Olayımızda, sanık 29, mağdure ise 14 yaşındadır. Olay, gece saat 03.00 sıralarında evde kimse yoken vukubulmuştur. Sanığın ırza geçme kastıyla icra hareketlerine başlaması yalnız başına teşebbüs hükümlerinin uygulanabilmesi için yeterli değildir. Ancak, açıklanabilir ve kabul edilebilir bir engelin bulunması halinde teşebbüs hükümleri tatbik olunabilir. Sanık harici bir müdahale ve ciddi bir engel olmadan ırza geçme eyleminden vazgeçmiştir. Olayın vukubulduğu ortam ve koşullar nazara alındığında, mağdurenin direnmesi kabul edilebilir ciddi bir engel değildir. Sanığın eylemini sonuçlandırmak olanağı varken sürdürmeyerek kendiliğinden vazgeçmesi nedeniyle teşebbüs hükümlerinin uygulanması için gereken dördüncü koşul gerçekleşmemiştir. TCY.nın 61. maddeinin son fıkrası nazara alınarak sanığın engel hal olmadığı vazgeçtiği zamana kadar olan eylemin suç teşkil etmesi halinde, bu suçtan cezalandırılmasına karar verilmelidir.
C - Irza geçme suçu geçitli (müterakki) suçlardandır. Bu suçta fail ırza tasaddiyi ifade eden hareketleri yaparak, bununla da yetinmeyip daha ileri aşaması olan ırza tecavüz suçunu işlemektedir. Fail, burada, hareketleriyle daha hafif sonuçtan daha ağırına geçmektedir. Hafif sonuç yani tasaddi suçu, daha ağır sonuç yani tecavüz suçu içinde verilmekte ve faile ağır olan sonuçtan ceza verilmektedir.

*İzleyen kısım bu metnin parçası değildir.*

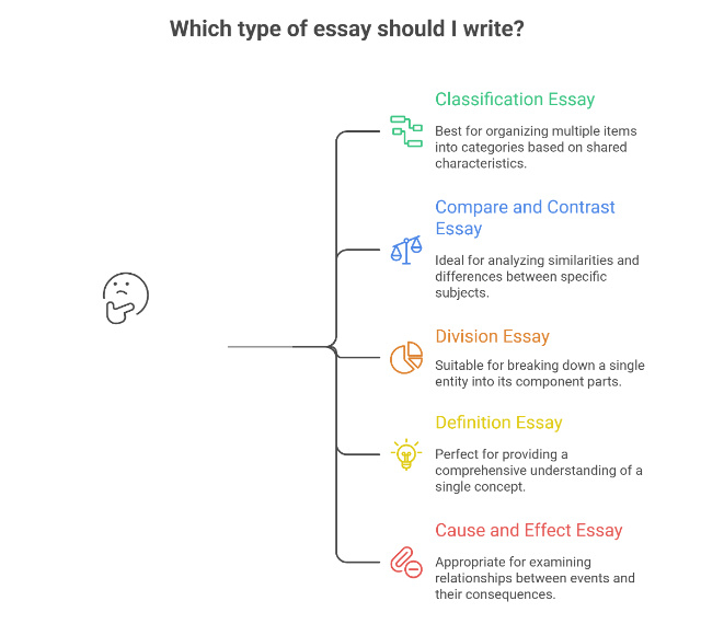 Understanding the difference between classification and division essays? Our classification and division essay guide breaks down both writing techniques and shows you how to apply them effectively. This resource explains how classification groups items into categories based on shared characteristics, while division separates a single subject into distinct parts—helping you choose the right approach for your assignment and execute it with clarity and precision.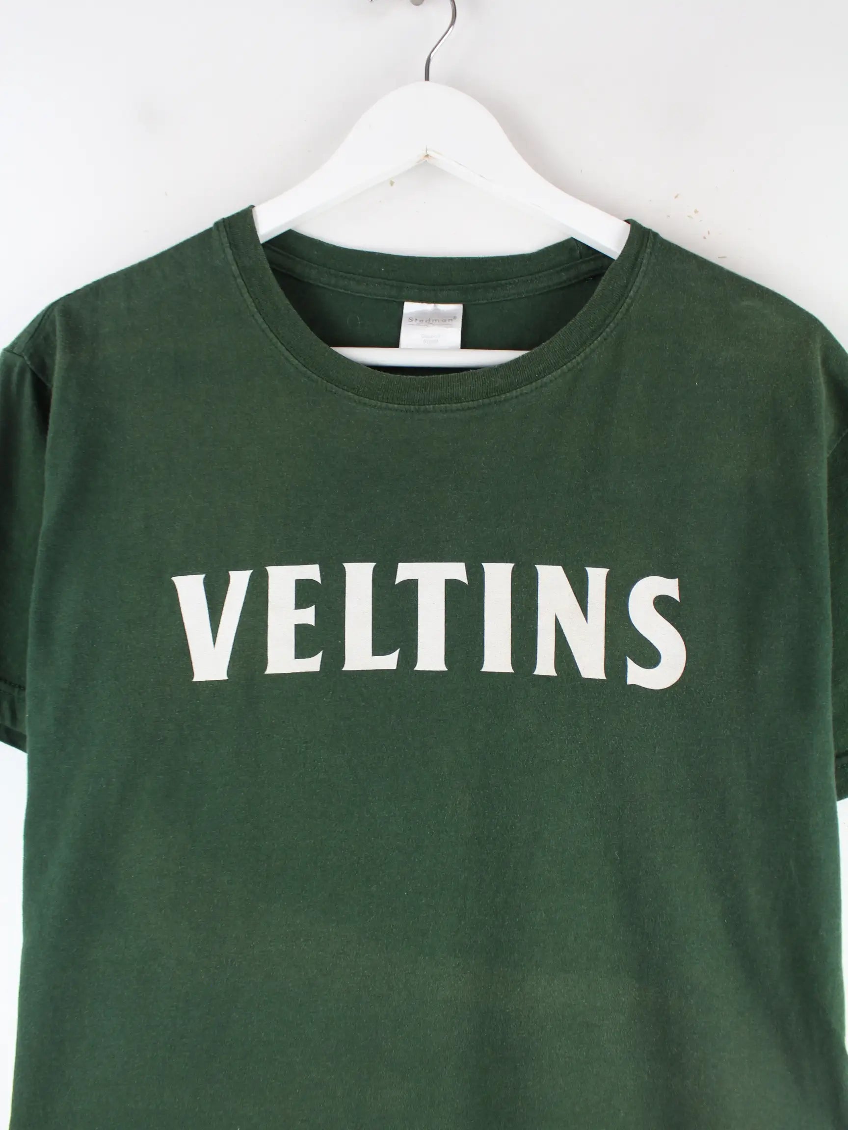 Vintage T-Shirt in Größe M. Es ist aus Baumwolle und in Grün bei uns vorrätig. Mit seltenem Veltins Print.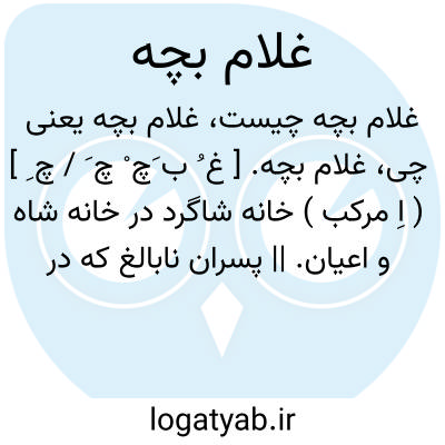 غلام بچه. [ غ ُ ب َچ ْ چ َ / چ ِ ] ( اِ مرکب ) خانه شاگرد در خانه شاه و اعیان. || پسران نابالغ که در حرم شاهان قاجار به کارهایی گماشته بودند مانند ایچ اُغلان سرای سلاطین عثمانی. پیشخدمتهای خرد از خاندان اعیان و شاهزادگان که در اندرون و حرمخانه ٔپادشاهان قاجار به خدمت اشتغال داشتند. || کودک. ریدک. ( لغت محلی شوشتر نسخه خطی متعلق به کتابخانه سازمان لغت نامه ذیل رندک ). وصیف. ( دهار ).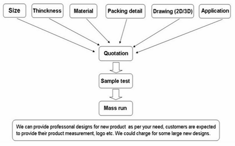 metal products: order confirmed--purchase material--cutting--welding--powder coating--installation--quality control--packing plastic products: order confirmed--purchase material--cutting--silk-screen printing--vacumm forming--installation--quality control--packing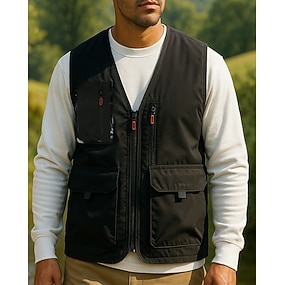 男性用 釣りベスト カーゴベスト ノースリーブ ベスト アウトドア 速乾性 複数のポケット ナイロン ブラック ホワイト アーミーグリーン 狩猟 釣り 登山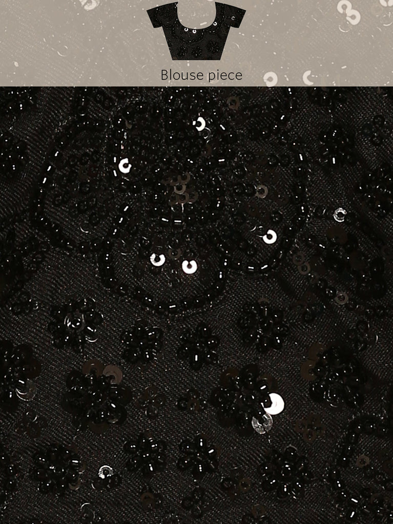 This black and white satin saree features elegant printed patterns enhanced with delicate hand embroidery, offering a timeless and refined look. Crafted for comfort and style, it comes with a ready-made blouse, making it easy to wear for any special occasion. Perfect for those who appreciate classic sophistication with a modern touch.The saree is accompanied by a stylish, ready-made blouse designed to complete your look.
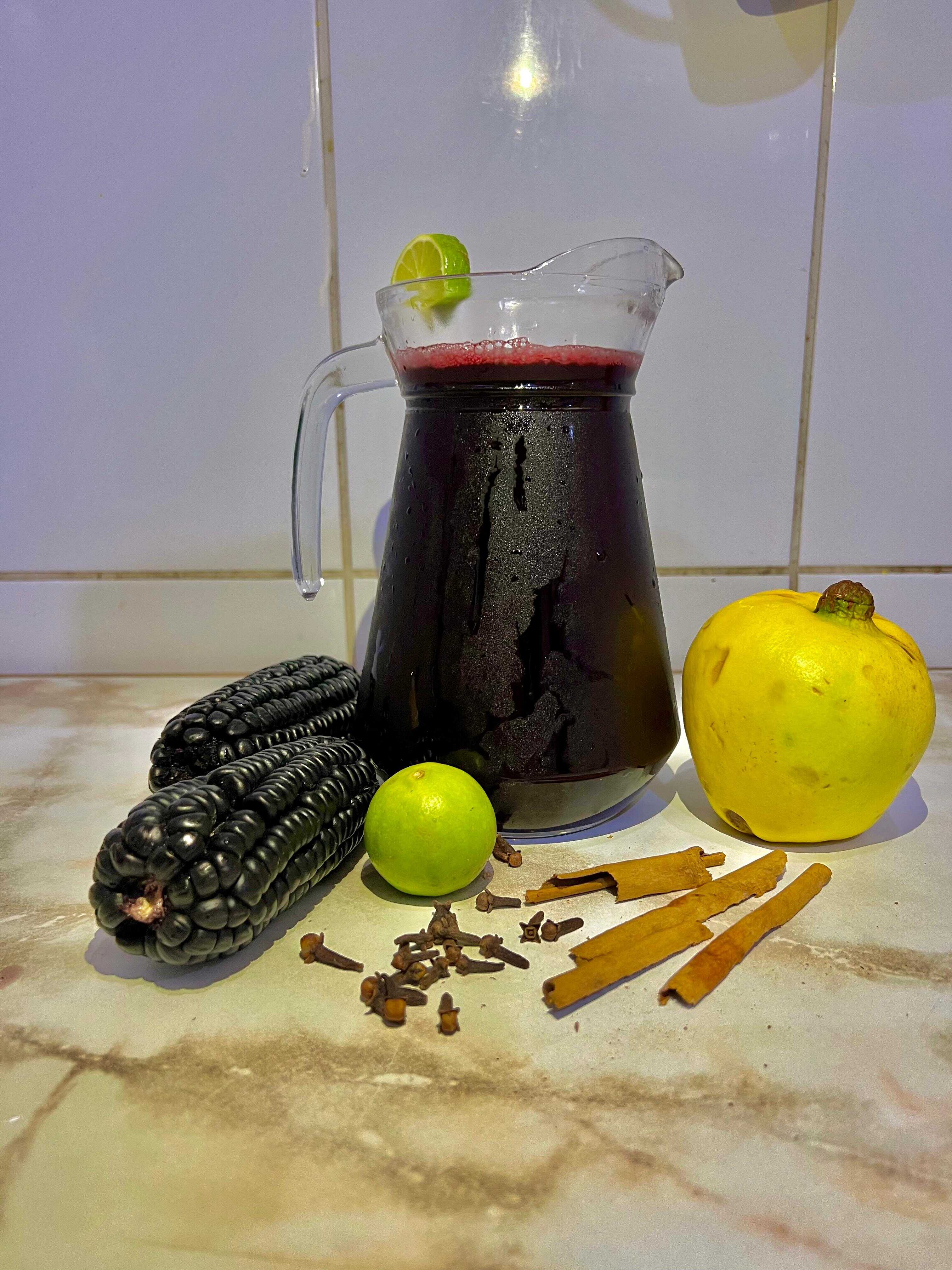 1 de refrescante y deliciosa bebida de chicha morada natural. Elige entre helada o sin helar.

Geçitli suçun bu özelliği nedeniyle daha ağır suçun icrai hareketlerinin başalamadığı hallerde hareketlerin oluşturacağı daha hafif suçtan failin cezalandırılması gerekir.

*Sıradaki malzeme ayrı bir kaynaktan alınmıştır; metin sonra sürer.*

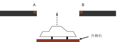 在構(gòu)建了MES的生產(chǎn)車間里,傳感器的冗余設(shè)置是十分必要的。冗余不僅可以提高設(shè)備運(yùn)行的可靠性和效率,還能為故障判斷創(chuàng)造便利條件。一般情況下,在升降機(jī)、移行機(jī)和翻轉(zhuǎn)機(jī)等關(guān)鍵部位都要對位置檢測傳感器進(jìn)行冗余設(shè)置以降低撞車、掉車等的概率,減少因傳感器故障造成的停產(chǎn),此外,還可以相互成為故障診斷的參照物。以升降機(jī)為例,圖6中,A與B為冗余設(shè)置的檢測上升到位的傳感器,正常情況下,A與B同時動作,工件被水平輸送,如A與B不同時動作,可診斷為A或B處于故障狀態(tài),應(yīng)暫停輸送。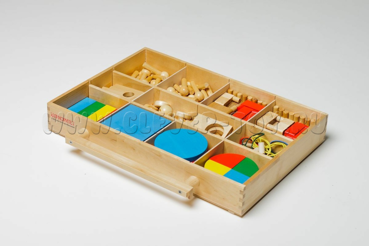 Более 1000 мелких деталей: резиночки, бусины, шнурочки, цилиндрики, набор для завинчивания, игральные кости. На доске с отверстиями ребёнок выкладывает узоры, соединяет элементы, повторяет заданный рисунок. Развивает мелкую моторику и хватательные движения.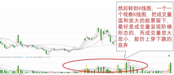 5,然后转到K线图,把成交量温和放大的股票留下,最好是成交量呈现阶梯形态的,而成交量忽大忽小,股价上穿下跳的放弃。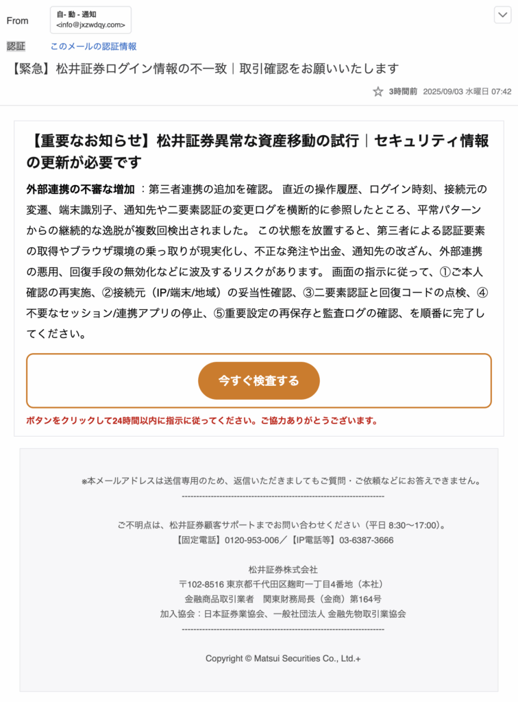 ・メール本文中の「今すぐ検査する」リンクURLが明らかに松井証券ではない。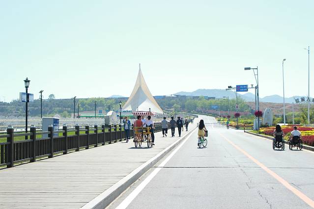 滨海路。前面山下的石头墙里面是一段超级陡峭的公路,上去这个陡坡便是国家会议中心。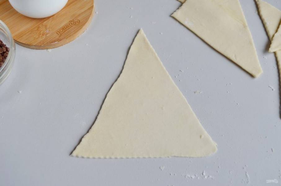 Тесто разложите на столе, я немного притрусила его мукой, порежьте на треугольники, у меня вышло 8 штук. Тонко раскатывать тесто не нужно, лучше когда круассаны пышные.

Tasaddi, (ırz ve namusa sataşma) mağdur üzerinde izlenen ve cinsel birleşme kastı taşımayan, devamlılık gösteren şehevi davranışlardır. Mağdurenin cinsel organlarını okşama, öpme, kendi uzvunu okşatma, emme, emdirme, ırza geçme kastı olmaksızın cinsel organını sürtme, mağdurenin vücudunu okşayarak öpme gibi hareketlerdir.
incelenen olayda sanık, çıplak olarak amğdurenin odasına gelmiştir. Pijamasını çıkardığı mağdurenin cinsel organına kendi organı ile tazyite bulunmuş ve kendiliğinden odadan çıkarak gitmiştir. Sanığın, bu şekildeki eylemi ırza geçme kastı olmadan şehvet duygularını tatmine yönelik olup zorla ve hoyratça tasaddi suçunu oluşturmaktadır. Bu itibarla itirazın kabulüne karar verilelidir.

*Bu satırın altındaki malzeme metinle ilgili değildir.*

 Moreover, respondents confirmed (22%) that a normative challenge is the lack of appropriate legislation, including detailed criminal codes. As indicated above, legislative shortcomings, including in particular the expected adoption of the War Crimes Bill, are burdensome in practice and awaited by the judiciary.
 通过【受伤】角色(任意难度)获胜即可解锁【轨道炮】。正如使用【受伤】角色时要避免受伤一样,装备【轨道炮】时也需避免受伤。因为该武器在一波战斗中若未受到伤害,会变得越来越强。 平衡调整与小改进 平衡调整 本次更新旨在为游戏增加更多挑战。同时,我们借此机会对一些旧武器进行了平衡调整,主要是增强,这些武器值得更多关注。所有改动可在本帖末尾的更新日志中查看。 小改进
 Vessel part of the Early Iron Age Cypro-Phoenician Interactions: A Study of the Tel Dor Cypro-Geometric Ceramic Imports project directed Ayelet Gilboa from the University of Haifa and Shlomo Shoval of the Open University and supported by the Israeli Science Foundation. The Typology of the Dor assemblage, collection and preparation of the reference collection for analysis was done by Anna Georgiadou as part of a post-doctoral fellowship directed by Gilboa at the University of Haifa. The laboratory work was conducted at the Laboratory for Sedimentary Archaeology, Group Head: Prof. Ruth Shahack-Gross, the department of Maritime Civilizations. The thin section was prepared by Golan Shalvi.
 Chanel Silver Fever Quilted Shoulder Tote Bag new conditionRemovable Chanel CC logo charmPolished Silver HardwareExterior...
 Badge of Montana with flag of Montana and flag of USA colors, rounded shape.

SONUÇ : Açıklanan nedenlerle, Yargıtay C. Başsavcılığı itirazının kabulü, ile Özel daire bozma kararının kaldırılmasına, usul ve yasaya uygun bulunan yerel mahkeme hükmünün ONANMASINA, 14.5.1990 günü yapılan birinci müzakerede yasal çoğunluk sağlanamadığından 4.6.1990 günü yapılan ikinci müzekerede çoğunlukla karar verildi.